(Records from a data collection)
▼▼▼

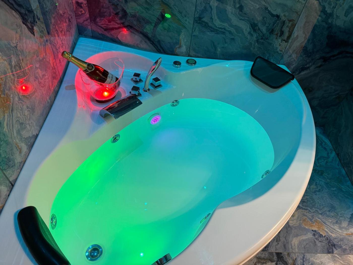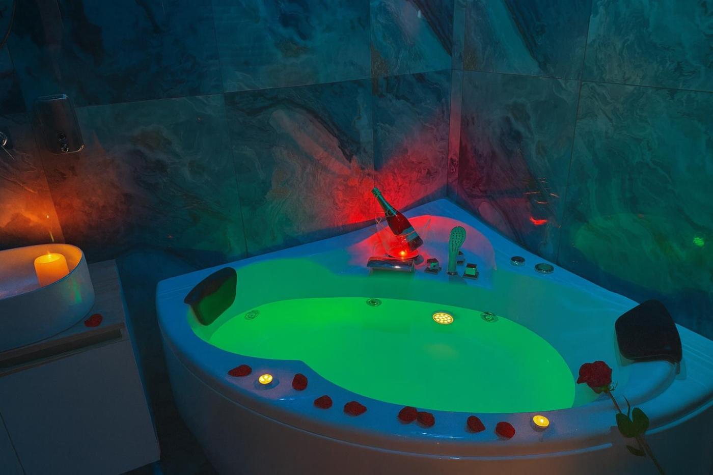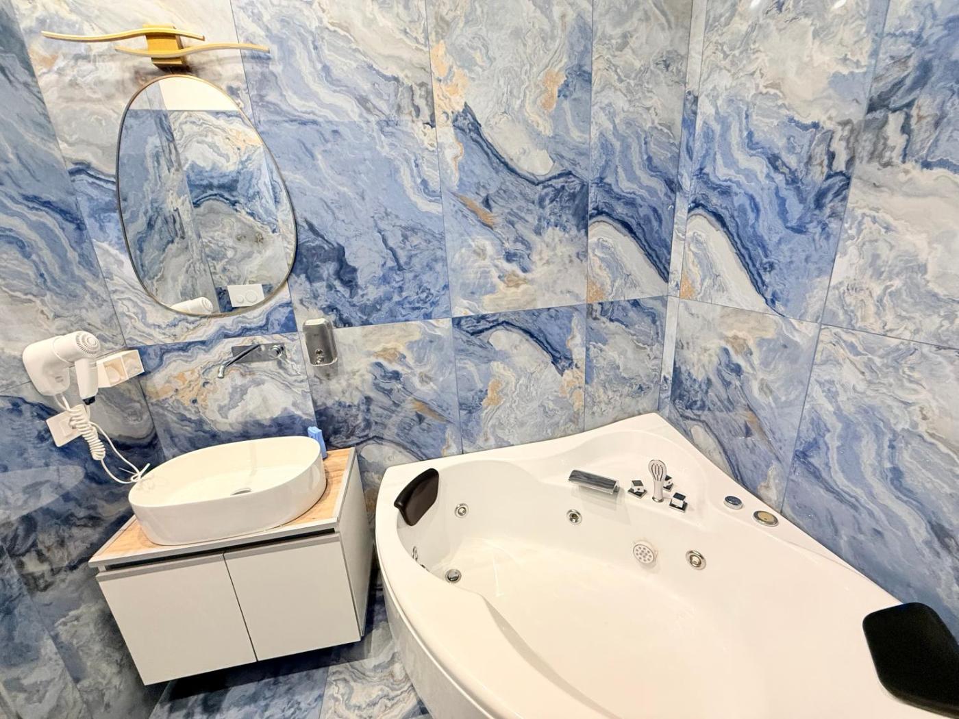 King Room with Spa Bath. This double rooms standout feature is the hot tub. Offering free toiletries, this double room includes a private bathroom with a bath, a bidet and a hairdryer. The spacious double room offers air conditioning, soundproof walls, a tea and coffee maker, a dining area, as well as a flat-screen TV with streaming services. The unit has 1 bed. ;
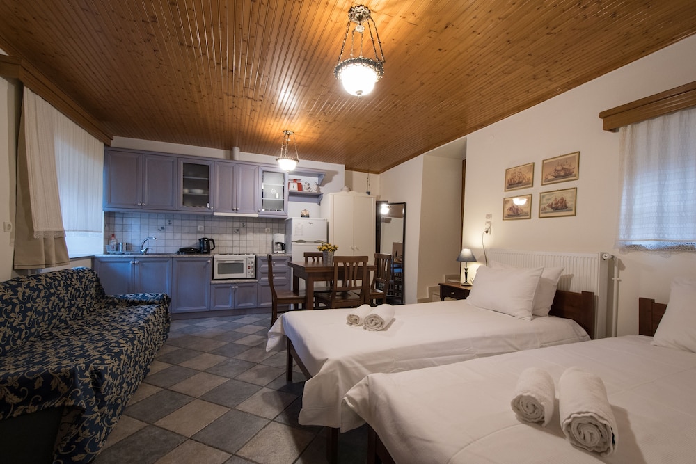 We travelled as a family of 4. The appartment was very good and comfortable. Especially the breakfast was extended and very delicious. The owners Vasilis and Dimos were very friendly and helpful in providing detailed hiking tips. We really can recommend this location.
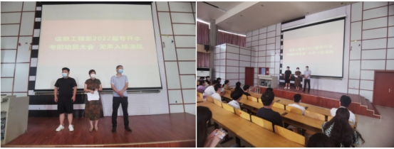 2022年高考在即,信息工程系为了让每一位专升本学子真实体验高考考试氛围,熟悉考试流程,明确考试要求,根据河南省教育厅的统一部署,落实关于“普通高考学生无声入场”会议精神,全方位、多举措为考生营造良好的考试环境,防范学生利用通讯工具作弊,于2022年6月1日下午在教学楼A第一阶梯教室组织136名专升本考生进行“考前动员大会以及无声入场演练活动”。
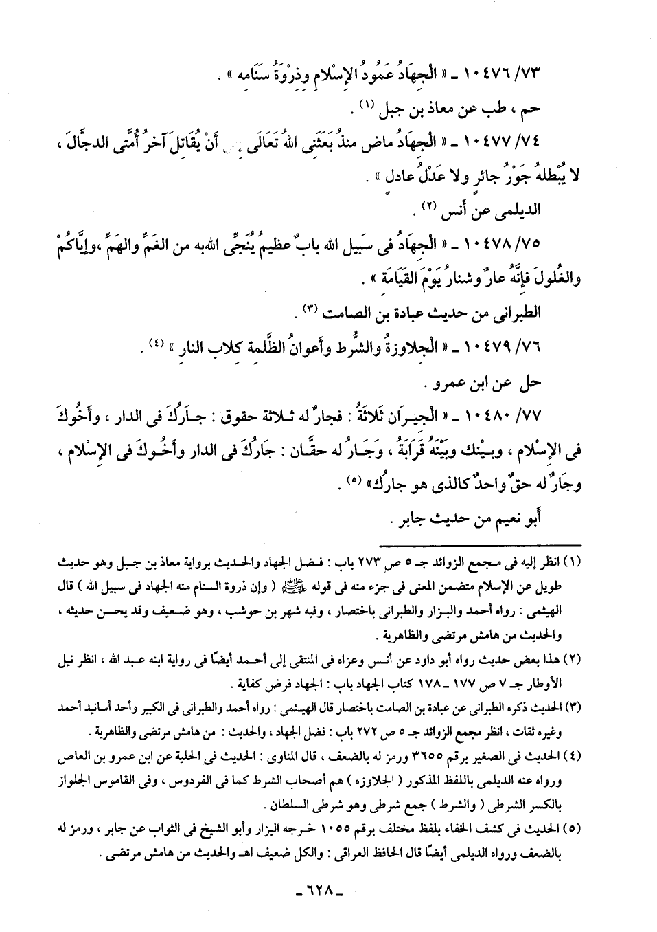 73/ 10476 - "الْجِهَادُ عَمُودُ الإِسْلامِ وذِرْوَةُ سَنَامِه".
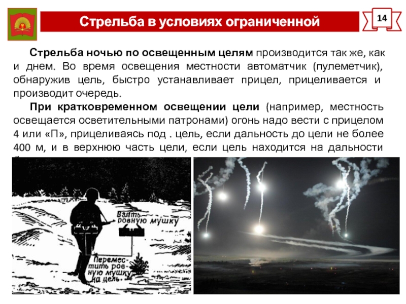 Если условия обстановки не позволяют изменять установку прицела в зависимости от дальности до цели, то в пределах дальности прямого выстрела огонь следует вести с прицелом, соответствующим дальности прямого выстрела, прицеливаясь в нижний край цели.
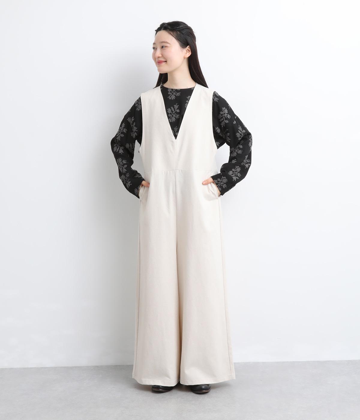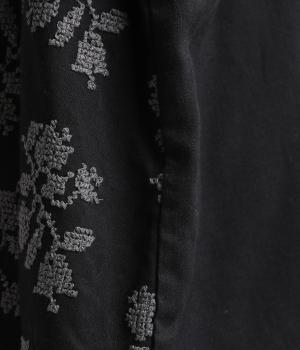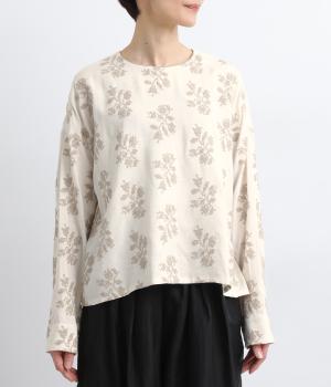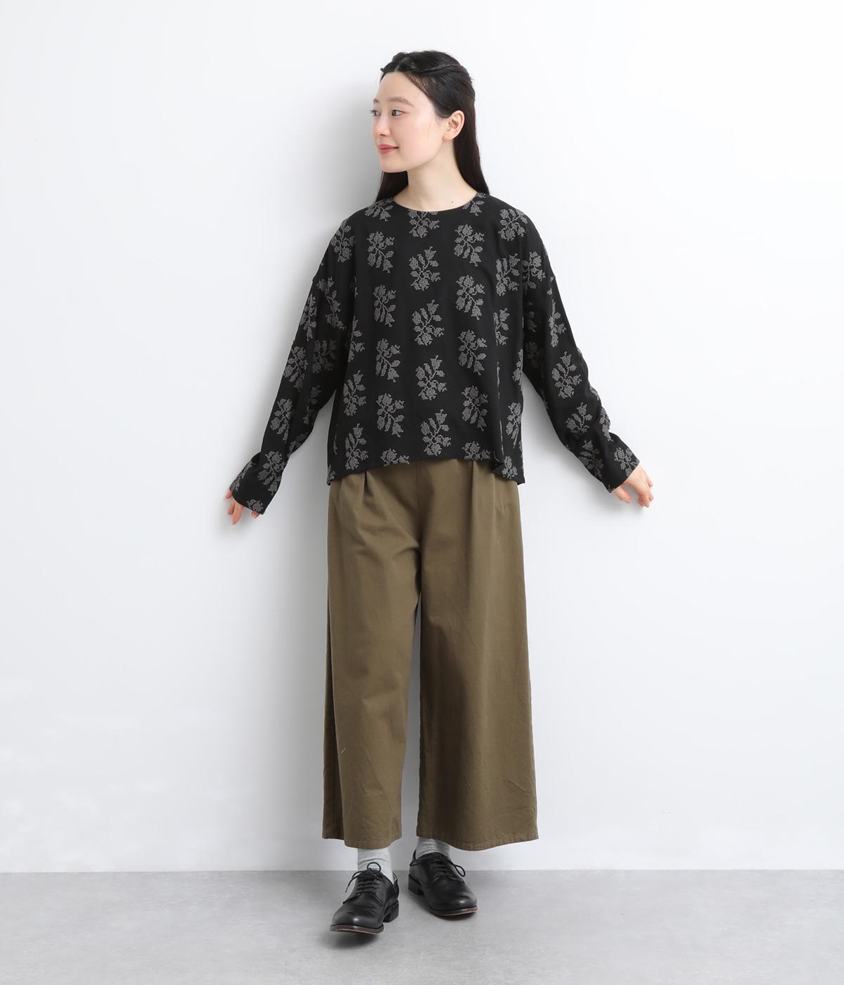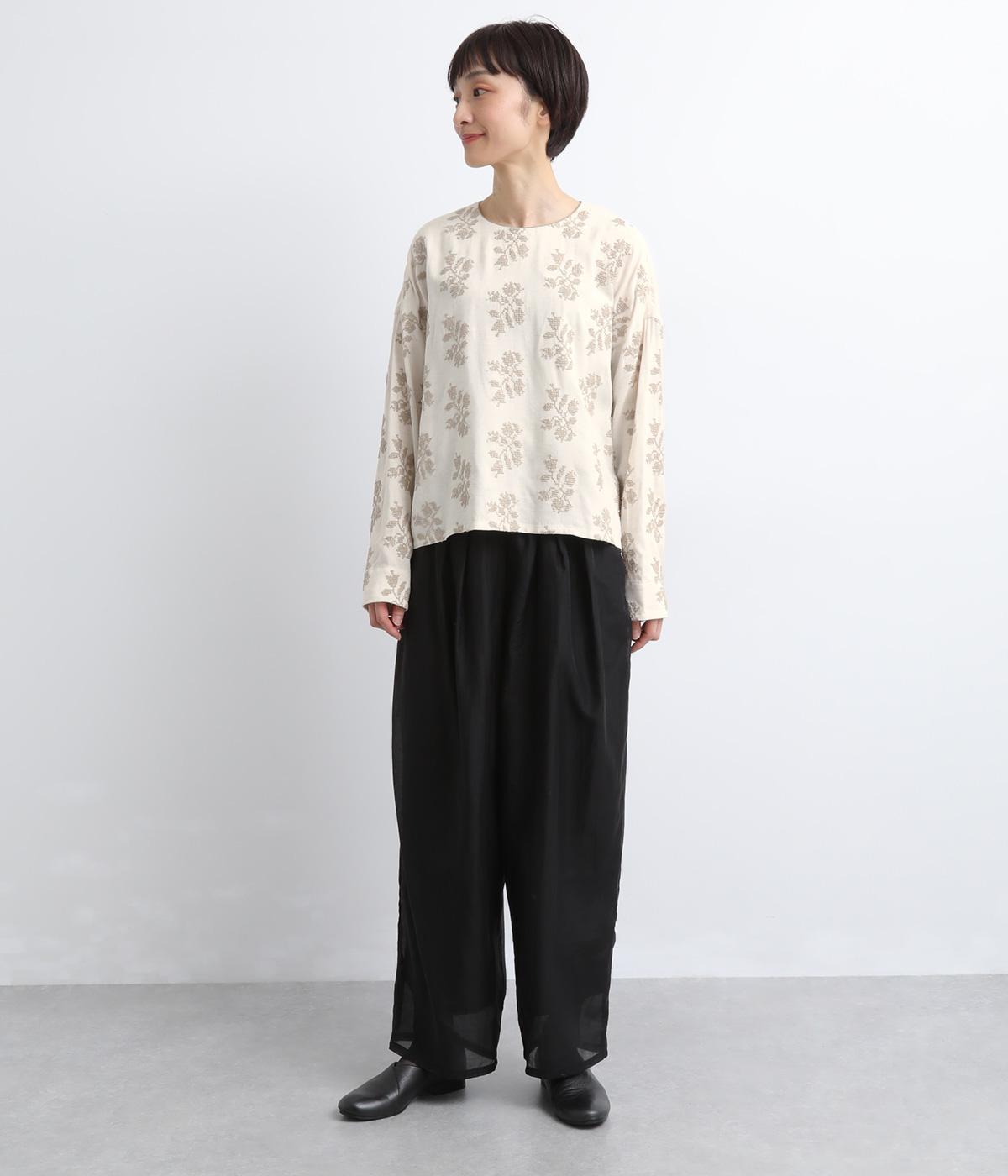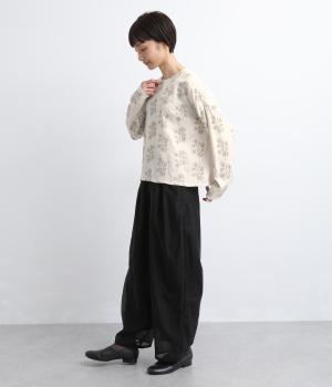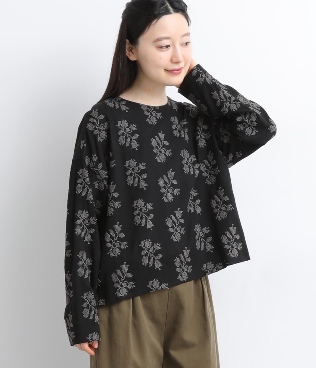 大ぶりのリーフモチーフ刺しゅうが、装いにナチュラルな華やかさを演出します。ゆったりとしたボクシーシルエットは、体のラインを拾いにくいのが◎。後ろ身頃を無地で切り替えることで柄が引き立ち、着こなしに奥行きを生みます。襟ぐりのさりげないパイピングも、上品なアクセントです。
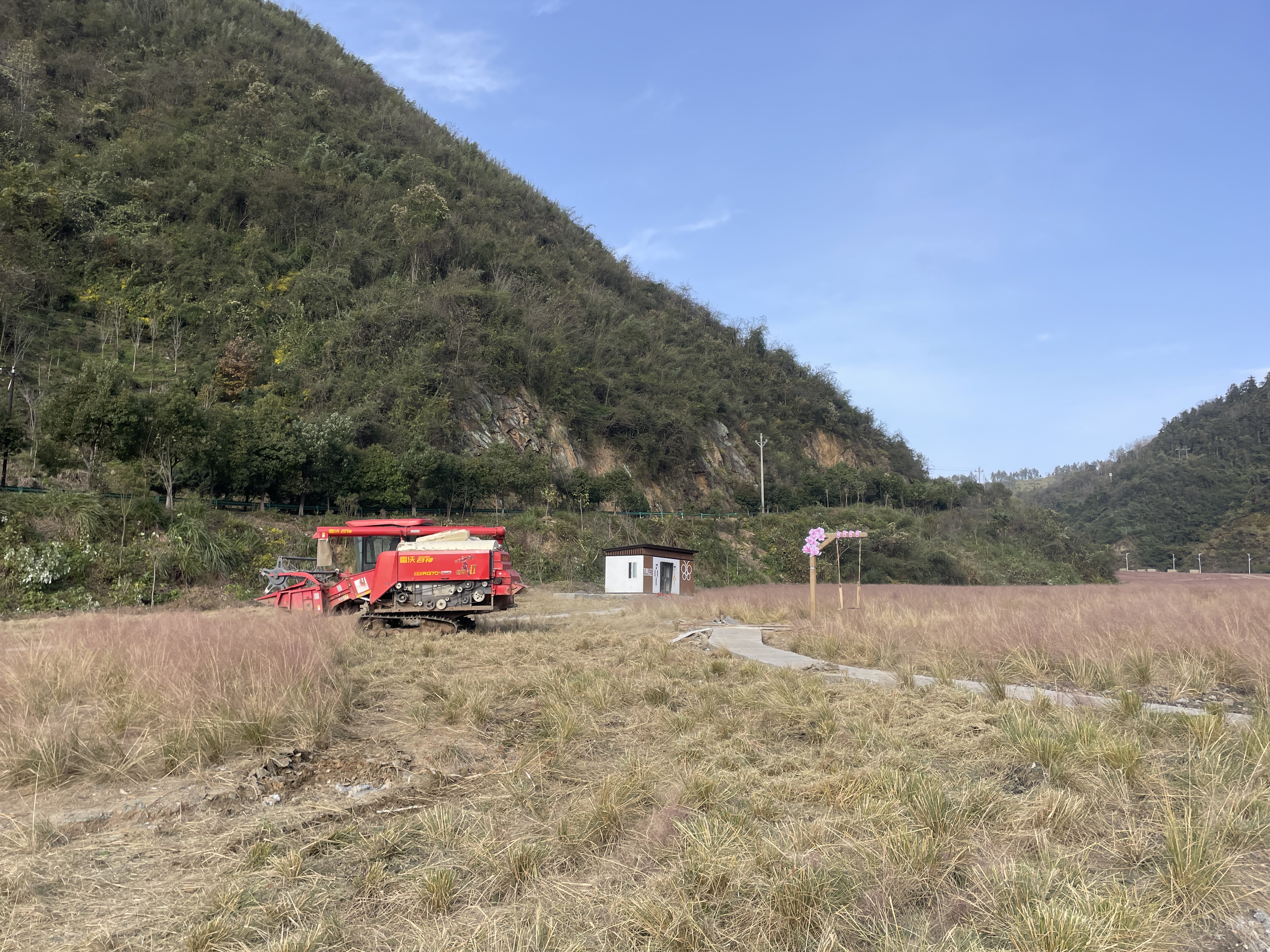 今日竹山网消息 11月24日,上庸镇粉黛乱子草种植基地内机械轰鸣,一台雷沃谷神RG70收割机正有序作业,将金黄的粉黛植株切割、粉碎后均匀抛撒还田,为土地铺上一层“天然肥料”。这片曾以“粉色花海”闻名的网红基地,正通过生态循环方式实施冬季养护。
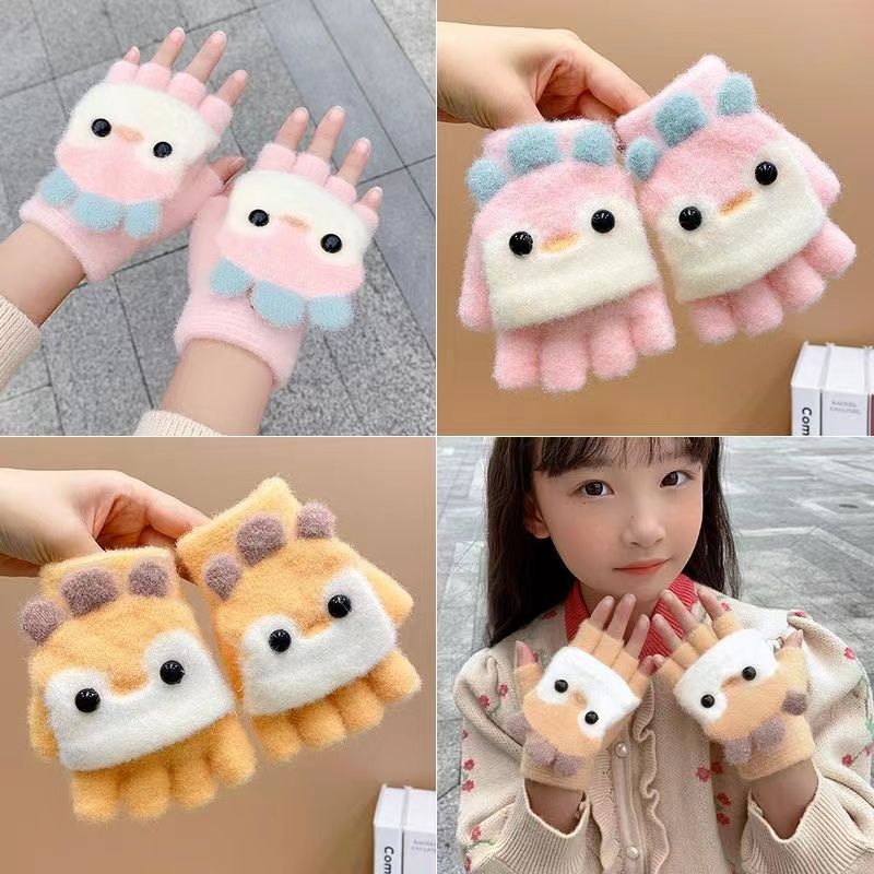 子供用手袋冬可爱い防寒手袋学生书き字半分指男の子女の子子供保温カバー手袋
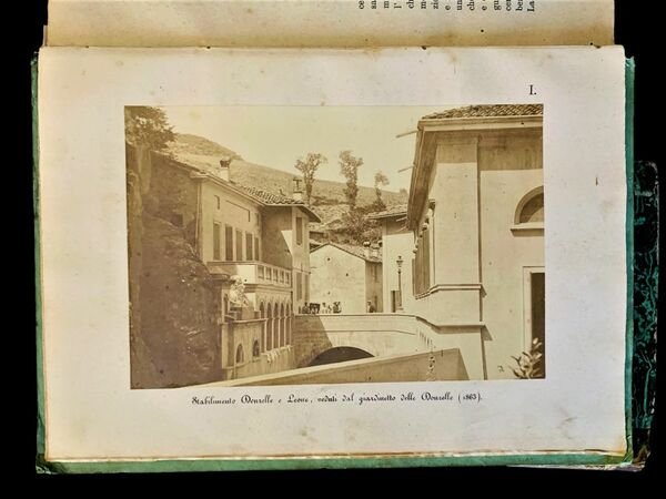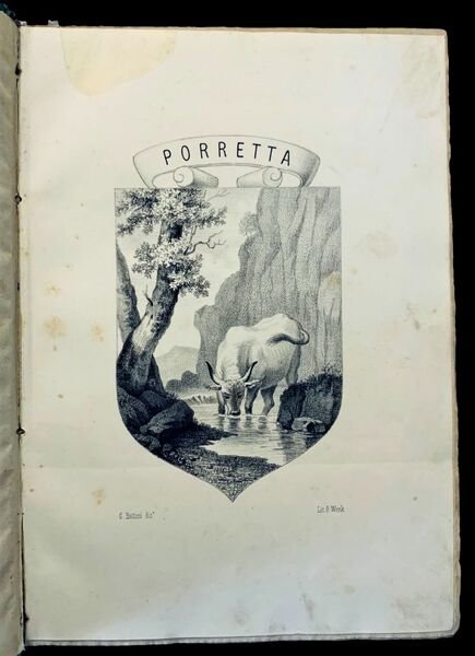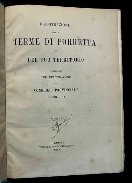 In 4°; VIII, 468; (4) pp. e 18 c. di tav. delle quali 6 con foto allalbumina coeve applicate con magnifici scorci e vedute del celebre paese della provincia bolognese. Legatura editoriale con titolo impresso in nero sul piatto anteriore entro cornice con doppio filetto. Titolo impresso in nero anche al dorso. Piccola ed antica nota ottocentesca di possesso privato al frontespizio. Qualche lieve difetto e mancanza della carta in corrispondenza delle cerniere ma nel complesso in buone-ottime condizioni di conservazione. Allinterno del piatto anteriore ex-libris di proprietà privata. Esemplare con le pagine leggermente ed uniformemente brunite (come tutti gli esemplari conosciuti a causa della qualità della carta utilizzata) ma privo di fioriture e foxing, spesso presenti in numerosi esemplari. Prima edizione di questa celeberrima edizione dedicata alle acque termali di Porretta Terme e alla storia dellIstituto termale. Nel volume sono presenti con articoli dedicati alla geologia, alla fauna, alla topografia del territorio, alle acque termali ed alle loro qualità medico-mineralogiche con articoli di D. Santagata, G. Bianconi, G. Bertoloni, G. Toldi, G. Sgarzi, M. Paolini. 4 tavole litografiche raffigurano i famosi quarzi a tramoggia porrettani, contenenti acqua. La prima tavola fuori testo è quella del bue porrettano che secondo unantica leggenda medioevale, malato, fu lasciato libero dal suo padrone ed andò a dissetarsi presso la sorgente termale. Miracolosamente guarito, il bue ritornò dal suo padrone che iniziò a decantare le qualità miracolose della sorgente di Porretta. In realtà, le terme erano già ben conosciute in epoca romana come dimostrano numerosi rinvenimenti archeologici avvenuti nella zona. In epoca medioevale la zona venne lentamente abbandonata, fino a divenire, quasi disabitata. Nel XII° secolo il territorio di Poretta passa alla diretta dipendenza del Comune di Bologna venendo riscoperto e divenendo meta turistica delle ricche famiglie della città felsinea. E proprio in questo periodo che prende forma il nuovo abitato di Porretta ed anche le prime strutture ricettive del luogo. Dal XV° secolo in poi, il luogo inizia a guadagnare sempre più fama, vedendo fra i suoi visitatori abituali illustri personaggi come Lorenzo il Magnifico, Niccolò Machiavelli, Andrea Mantegna e Gioachino Rossini. Importante opera di storia locale e mineralogia. Prima edizione in buone-ottime condizioni di conservazione completo della brossura editoriale. Rif. Bibl.: Lozzi,II, 3795-3796; IT\ICCU\SBL\0405888.

▲▲▲

#### ABOUT THIS EXERCISE:
Drop every image, please, and write out the data above exactly as shown.

#### SOLUTION FOR THIS PROBLEM:
 King Room with Spa Bath. This double rooms standout feature is the hot tub. Offering free toiletries, this double room includes a private bathroom with a bath, a bidet and a hairdryer. The spacious double room offers air conditioning, soundproof walls, a tea and coffee maker, a dining area, as well as a flat-screen TV with streaming services. The unit has 1 bed. ;
 We travelled as a family of 4. The appartment was very good and comfortable. Especially the breakfast was extended and very delicious. The owners Vasilis and Dimos were very friendly and helpful in providing detailed hiking tips. We really can recommend this location.
 2022年高考在即,信息工程系为了让每一位专升本学子真实体验高考考试氛围,熟悉考试流程,明确考试要求,根据河南省教育厅的统一部署,落实关于“普通高考学生无声入场”会议精神,全方位、多举措为考生营造良好的考试环境,防范学生利用通讯工具作弊,于2022年6月1日下午在教学楼A第一阶梯教室组织136名专升本考生进行“考前动员大会以及无声入场演练活动”。
 73/ 10476 - "الْجِهَادُ عَمُودُ الإِسْلامِ وذِرْوَةُ سَنَامِه".
 Если условия обстановки не позволяют изменять установку прицела в зависимости от дальности до цели, то в пределах дальности прямого выстрела огонь следует вести с прицелом, соответствующим дальности прямого выстрела, прицеливаясь в нижний край цели.
 大ぶりのリーフモチーフ刺しゅうが、装いにナチュラルな華やかさを演出します。ゆったりとしたボクシーシルエットは、体のラインを拾いにくいのが◎。後ろ身頃を無地で切り替えることで柄が引き立ち、着こなしに奥行きを生みます。襟ぐりのさりげないパイピングも、上品なアクセントです。
 今日竹山网消息 11月24日,上庸镇粉黛乱子草种植基地内机械轰鸣,一台雷沃谷神RG70收割机正有序作业,将金黄的粉黛植株切割、粉碎后均匀抛撒还田,为土地铺上一层“天然肥料”。这片曾以“粉色花海”闻名的网红基地,正通过生态循环方式实施冬季养护。
 子供用手袋冬可爱い防寒手袋学生书き字半分指男の子女の子子供保温カバー手袋
 In 4°; VIII, 468; (4) pp. e 18 c. di tav. delle quali 6 con foto allalbumina coeve applicate con magnifici scorci e vedute del celebre paese della provincia bolognese. Legatura editoriale con titolo impresso in nero sul piatto anteriore entro cornice con doppio filetto. Titolo impresso in nero anche al dorso. Piccola ed antica nota ottocentesca di possesso privato al frontespizio. Qualche lieve difetto e mancanza della carta in corrispondenza delle cerniere ma nel complesso in buone-ottime condizioni di conservazione. Allinterno del piatto anteriore ex-libris di proprietà privata. Esemplare con le pagine leggermente ed uniformemente brunite (come tutti gli esemplari conosciuti a causa della qualità della carta utilizzata) ma privo di fioriture e foxing, spesso presenti in numerosi esemplari. Prima edizione di questa celeberrima edizione dedicata alle acque termali di Porretta Terme e alla storia dellIstituto termale. Nel volume sono presenti con articoli dedicati alla geologia, alla fauna, alla topografia del territorio, alle acque termali ed alle loro qualità medico-mineralogiche con articoli di D. Santagata, G. Bianconi, G. Bertoloni, G. Toldi, G. Sgarzi, M. Paolini. 4 tavole litografiche raffigurano i famosi quarzi a tramoggia porrettani, contenenti acqua. La prima tavola fuori testo è quella del bue porrettano che secondo unantica leggenda medioevale, malato, fu lasciato libero dal suo padrone ed andò a dissetarsi presso la sorgente termale. Miracolosamente guarito, il bue ritornò dal suo padrone che iniziò a decantare le qualità miracolose della sorgente di Porretta. In realtà, le terme erano già ben conosciute in epoca romana come dimostrano numerosi rinvenimenti archeologici avvenuti nella zona. In epoca medioevale la zona venne lentamente abbandonata, fino a divenire, quasi disabitata. Nel XII° secolo il territorio di Poretta passa alla diretta dipendenza del Comune di Bologna venendo riscoperto e divenendo meta turistica delle ricche famiglie della città felsinea. E proprio in questo periodo che prende forma il nuovo abitato di Porretta ed anche le prime strutture ricettive del luogo. Dal XV° secolo in poi, il luogo inizia a guadagnare sempre più fama, vedendo fra i suoi visitatori abituali illustri personaggi come Lorenzo il Magnifico, Niccolò Machiavelli, Andrea Mantegna e Gioachino Rossini. Importante opera di storia locale e mineralogia. Prima edizione in buone-ottime condizioni di conservazione completo della brossura editoriale. Rif. Bibl.: Lozzi,II, 3795-3796; IT\ICCU\SBL\0405888.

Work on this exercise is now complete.